_TASK DIRECTIONS_.
Below are the entries. Print only the lines starting at the one with "Gaithersburg, MD - Detectives" and ending at the one with "Продукты: мука –", exactly, with no pictures.

_DATA LISTING_.
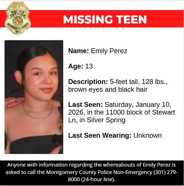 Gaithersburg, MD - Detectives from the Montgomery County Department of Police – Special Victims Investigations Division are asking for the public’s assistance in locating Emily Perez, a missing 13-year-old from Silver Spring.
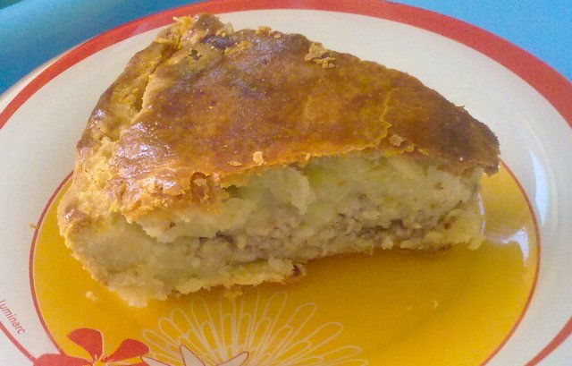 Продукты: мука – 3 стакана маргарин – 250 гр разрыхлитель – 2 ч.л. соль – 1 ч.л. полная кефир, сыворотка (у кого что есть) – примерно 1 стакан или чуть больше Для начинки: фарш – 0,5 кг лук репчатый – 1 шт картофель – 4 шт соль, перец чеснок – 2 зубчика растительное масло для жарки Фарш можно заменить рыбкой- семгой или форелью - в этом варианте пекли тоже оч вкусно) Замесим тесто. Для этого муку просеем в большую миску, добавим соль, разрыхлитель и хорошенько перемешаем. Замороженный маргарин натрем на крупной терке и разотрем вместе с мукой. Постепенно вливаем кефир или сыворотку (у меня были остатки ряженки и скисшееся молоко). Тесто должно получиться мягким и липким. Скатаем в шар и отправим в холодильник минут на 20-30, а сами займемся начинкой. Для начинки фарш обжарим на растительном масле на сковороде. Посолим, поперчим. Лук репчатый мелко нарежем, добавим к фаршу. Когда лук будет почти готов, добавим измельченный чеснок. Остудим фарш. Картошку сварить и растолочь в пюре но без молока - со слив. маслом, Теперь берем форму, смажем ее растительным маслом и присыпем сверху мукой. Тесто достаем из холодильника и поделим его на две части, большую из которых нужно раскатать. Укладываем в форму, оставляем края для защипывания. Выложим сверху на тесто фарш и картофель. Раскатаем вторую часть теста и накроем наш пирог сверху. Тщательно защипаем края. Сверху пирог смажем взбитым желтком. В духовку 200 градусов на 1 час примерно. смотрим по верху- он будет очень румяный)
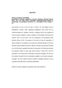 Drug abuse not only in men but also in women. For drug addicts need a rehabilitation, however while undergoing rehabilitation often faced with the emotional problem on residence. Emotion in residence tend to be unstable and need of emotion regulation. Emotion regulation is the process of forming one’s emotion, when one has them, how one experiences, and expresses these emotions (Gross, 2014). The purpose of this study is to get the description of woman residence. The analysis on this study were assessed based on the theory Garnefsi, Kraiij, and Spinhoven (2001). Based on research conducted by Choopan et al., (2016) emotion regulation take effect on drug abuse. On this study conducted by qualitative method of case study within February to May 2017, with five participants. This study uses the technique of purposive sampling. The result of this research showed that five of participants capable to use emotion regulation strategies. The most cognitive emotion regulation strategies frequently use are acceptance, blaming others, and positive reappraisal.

--

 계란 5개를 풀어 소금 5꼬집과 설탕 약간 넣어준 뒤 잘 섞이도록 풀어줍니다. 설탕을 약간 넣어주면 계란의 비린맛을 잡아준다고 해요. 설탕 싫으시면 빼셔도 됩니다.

_TASK RESULT_.
 Gaithersburg, MD - Detectives from the Montgomery County Department of Police – Special Victims Investigations Division are asking for the public’s assistance in locating Emily Perez, a missing 13-year-old from Silver Spring.
 Продукты: мука – 3 стакана маргарин – 250 гр разрыхлитель – 2 ч.л. соль – 1 ч.л. полная кефир, сыворотка (у кого что есть) – примерно 1 стакан или чуть больше Для начинки: фарш – 0,5 кг лук репчатый – 1 шт картофель – 4 шт соль, перец чеснок – 2 зубчика растительное масло для жарки Фарш можно заменить рыбкой- семгой или форелью - в этом варианте пекли тоже оч вкусно) Замесим тесто. Для этого муку просеем в большую миску, добавим соль, разрыхлитель и хорошенько перемешаем. Замороженный маргарин натрем на крупной терке и разотрем вместе с мукой. Постепенно вливаем кефир или сыворотку (у меня были остатки ряженки и скисшееся молоко). Тесто должно получиться мягким и липким. Скатаем в шар и отправим в холодильник минут на 20-30, а сами займемся начинкой. Для начинки фарш обжарим на растительном масле на сковороде. Посолим, поперчим. Лук репчатый мелко нарежем, добавим к фаршу. Когда лук будет почти готов, добавим измельченный чеснок. Остудим фарш. Картошку сварить и растолочь в пюре но без молока - со слив. маслом, Теперь берем форму, смажем ее растительным маслом и присыпем сверху мукой. Тесто достаем из холодильника и поделим его на две части, большую из которых нужно раскатать. Укладываем в форму, оставляем края для защипывания. Выложим сверху на тесто фарш и картофель. Раскатаем вторую часть теста и накроем наш пирог сверху. Тщательно защипаем края. Сверху пирог смажем взбитым желтком. В духовку 200 градусов на 1 час примерно. смотрим по верху- он будет очень румяный)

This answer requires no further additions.